The media remain hell-bent on describing U.S. economic acceleration, Dow 12000 and marginal labor market improvements. The analysts seem equally giddy, reiterating quotable notables like “Don’t fight the Fed!” or “Don’t fight the tape!”

I agree that there are reasons to be hopeful. We’ve been privy to robust corporate earnings as well as strong corporate balance sheets, share buybacks and a variety of key acquisitions. Yet I don’t agree that investors can disregard the impact of world central bank policy; I certainly don’t think that we can cast aside the tale of the emerging market tape.

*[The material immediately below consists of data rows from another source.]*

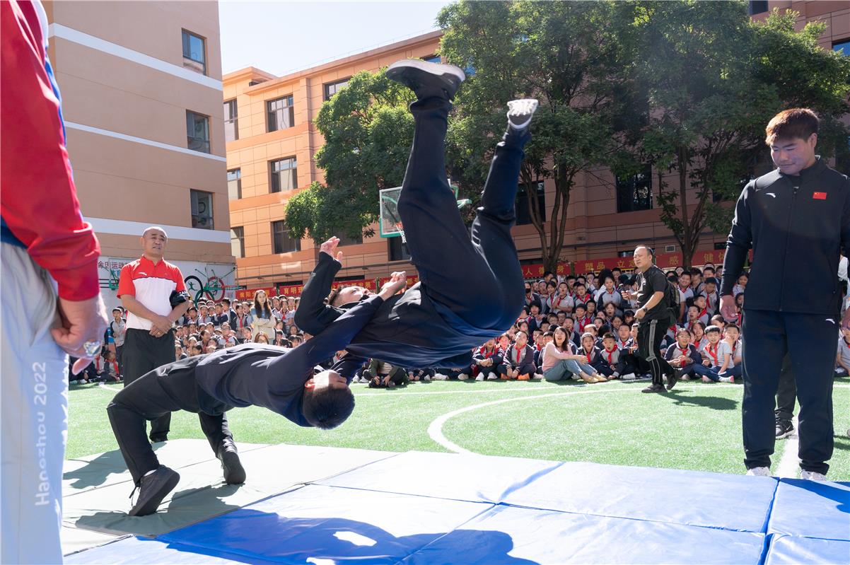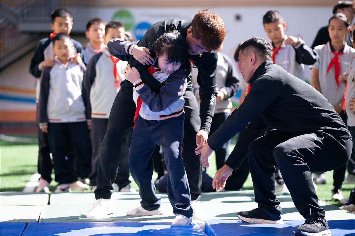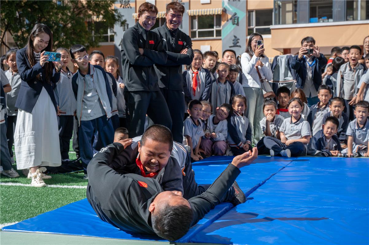 小學(xué)生在運(yùn)動(dòng)員的指導(dǎo)下練習(xí)摔跤。
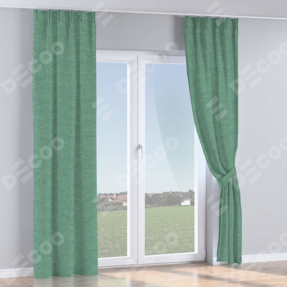 Комплект прямых штор, от производителя «Cortin», пошиты из ткани твид блэкаут бирюзовый, артикул ткани 90934. С изнаночной стороны в верхней части штор пристрачивается шторная лента с декоративными складками «Кустик». Для создания элегантных складок прямые шторы шьются по стандарту с коэффициентом 1:2 (на 100 см. ширины проёма 200 см. ширины ткани).
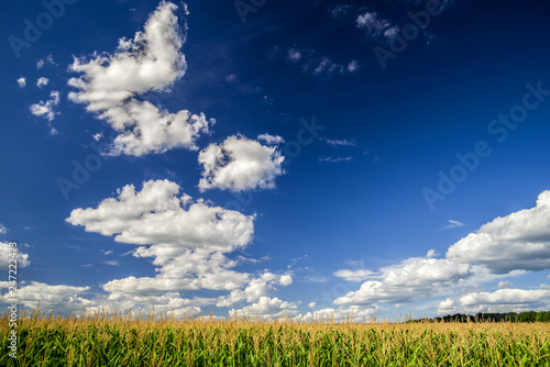 Fototapeta premium Summer landscape with blue sky and white clouds over the corn field..
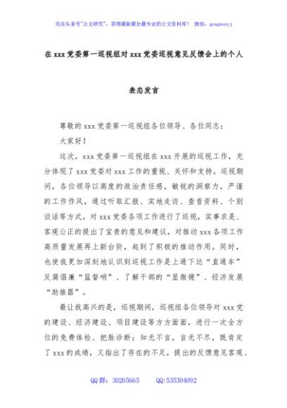 / 在xxx党委第一巡视组对xxx党委巡视意见反馈会上的个人表态发言

At the present moment, it may seem to some as though developed world stocks have decoupled from developing world equities. The last 3 months have been dreamy for high-beta U.S. Sector ETFs, but nightmarish for 3/4 of the BRIC emergers (i.e., Brazil, India and China.)

It Was The Best Of Times…        
            Approx 3-Month %
Vanguard Energy (VDE)       25.3%
SPDR KBW Bank (KBE)       19.7%
iShares DJ Industrials (IYJ)       15.2%
iShares Basic Materials (IYM)       14.6%
iShares DJ Technology (IYW)       9.6%
PowerShares Nasdaq 100 (QQQQ)     8.1%
Dow Jones 30 Diamonds Trust (DIA)     8.1%
It Was The Worst Of Times?        
SPDR S&P China (GXC)       -5.2%
Claymore BNY Frontier Markets (FRN)     -7.2%
Market Vectors Small Cap Brazil (BRF)     -9.0%
Market Vectors Indonesia (IDX)       -9.8%
WisdomTree India Earnings (EPI)     -17.3%


With discrepancies as wide as these, should we be surprised by the net outflow of money from emerging market equities in January? Probably not.

Of course, there’s a natural tendency for investors to take profits on their biggest winners in January, and emerging markets were 2010’s biggest winners. There’s also a reality that many emerging countries are battling inflation through restrictive monetary policy, which in turn should decelerate economic growth.

Yet the only thing that matters to investors is, should they stay the course with a diversified stock mix of emergers, developed world foreign stocks and U.S. stocks? Or is time to abandon ship? The answer is… neither.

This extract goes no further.